Выбрать главу

Людмила медленно открыла глаза - что-то, видимо, мучило ее, она была настолько поглощена каким-то воспоминанием, давним событием, что ни словом не обмолвилась, когда я просто отложил рукопись в сторону.

- Вам нехорошо? - спросил я.

Слабым жестом Людмила успокоила меня:

- Вспомнила брата, его тоже звали Виктор, он был старше меня и никогда мне не верил. - Она выпрямилась, напряглась; совсем тихо, так тихо, что я с трудом разобрал ее слова, сказала: - Он никогда мне не верил, всегда во всем сомневался. Однажды мне принесли одноглазого сокола, который напоролся на колючий кустарник и наполовину ослеп. Бедняга совсем обессилел, и Виктор сказал: отлетался. Но я ухаживала за соколом, хорошо кормила. Мне и приносили всяких зверушек, птиц, я лечила их - белочку, лисенка с покалеченной лапой, у меня почти все выздоравливали; когда сокол поправился, я отнесла его к реке и сказала: улетай, лети высоко! Он и впрямь полетел, я сама видела.

Людмила замолчала, она разглядывала свои руки, лежавшие на коленях.

- Виктор мне не поверил, он никогда мне не верил. "Все равно твой сокол где-то свалился, я тебе докажу", - сказал он и засмеялся. Виктор действительно ушел искать сокола.

- И нашел?

- Виктор не вернулся домой. В тайге собаки взяли след, но на берегу Чулыма потеряли.

Я подсел к Людмиле, взял ее за руку, готовый тотчас ее отпустить, если мое прикосновение будет ей неприятно, но Людмила словно ничего не заметила или же сочла мой жест вполне естественным. Мы сидели совсем близко; возвращаться к "Часу судьи" не хотелось, да Людмила больше и не вспомнила о рассказе. Возможно, из желания утешить и уж во всяком случае с искренним сочувствием я проговорил:

- А я, Людмила, я бы вам поверил.

Глубоко в ее глазах что-то засветилось, она склонилась ко мне и легонько я почти ничего не почувствовал - прильнула щекой к моему плечу. Глупо, конечно, но мне на ум пришло, что мы похожи на те излучающие тихую негу азиатские парочки, которые выставлены на подоконнике у капитана Бродерсена.

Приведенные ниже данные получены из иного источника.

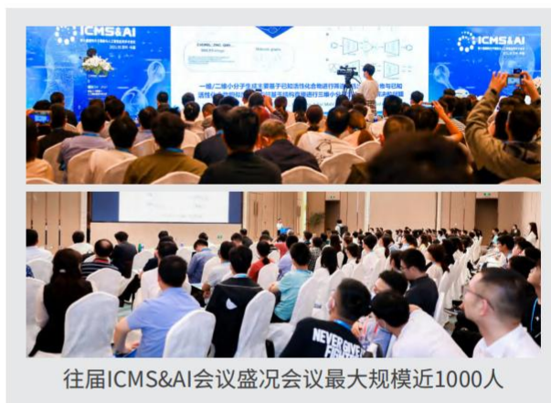
往届ICMS&AI会议盛况会议最大规模近1000人

Я мог бы просидеть так целую вечность, но неожиданно кто-то постучал в окно, мы вздрогнули и посмотрели наверх. На улице стоял Тим; как всегда, когда забредал слишком поздно, он щелкнул зажигалкой, осветил огоньком лицо. Я махнул ему, чтобы он заходил. С его присутствием все у меня дома как-то сразу переменилось. На Тиме была замшевая куртка, джинсы, ковбойские сапоги на высоком каблуке; жесткие белесые волосы, отчасти прикрывающие лоб, жилистая шея, широкие плечи делали его похожим на римского воина с боевой колесницы. Я представил:

- Мой друг Тим Буркус - Людмила Фидлер.

Его вроде бы ничуть не удивило, что он застал со мной Людмилу, - впрочем, признался Тим, он видел нас вместе у выхода из ресторана, когда проезжал мимо на машине; он поздоровался с подчеркнутой, даже слегка утрированной любезностью, сам сходил на кухню за бокалом, налил себе "Шато Лафит 82". Пожалуй, он принял Людмилу за студентку или журналистку, поскольку сказал:

- Заканчивайте спокойно ваше интервью, не буду вам мешать. - Взяв свежий номер "Шпигеля", он хотел было выйти на кухню.

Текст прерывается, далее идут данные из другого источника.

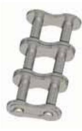
Nr. 11 (E)
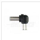
Ø5,5 - 2,5mm
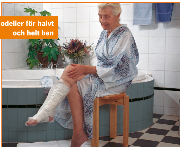
Modeller för halvt och helt ben

Sätt AquaProtect över bandaget/gipset och du har ett 100 % vattentätt skydd.
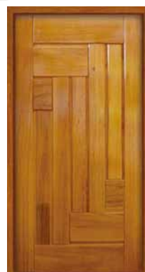
Porta Pivotante EG 556

Я попросил его остаться, рассказал, откуда Людмила приехала к нам, где живет сейчас со своею семьей и какую роль играет в моих занятиях с немецкими переселенцами. Тим щедро плеснул себе еще вина, не забыв, впрочем, его похвалить. Он выглядел несколько рассеянным и встрепенулся лишь тогда, когда я спросил, не сможет ли Тим сделать Людмилу своей второй ассистенткой; он принялся довольно беззастенчиво разглядывать Людмилу, чем настолько смутил ее, что она посмотрела на меня, ища поддержки. Чтобы успокоить ее, я пояснил:

- Тим содержит экспериментальную кухню, а кроме того, он замечательный фотограф. Тим изобретает оригинальные блюда. Потом фотографирует их. Снимает так, что людей начинает снедать неодолимое желание отведать этих яств. Его фотографии публикуются во многих иллюстрированных журналах в рубриках "Уголок гурмана" или "Радости чревоугодника".

Тим отмахнулся.

- Не преувеличивай, не преувеличивай, - пробормотал он, - наш брат всего лишь пытается с помощью собственной фантазии чуть-чуть утончить вкусы почтеннейшей публики.

Пока Людмила потихоньку выуживала из-под тахты туфельки, я сказал:

- Дай ей шанс, ради меня. Кстати, кое-какие полезные знания у нее уже есть. Она специалист по меду.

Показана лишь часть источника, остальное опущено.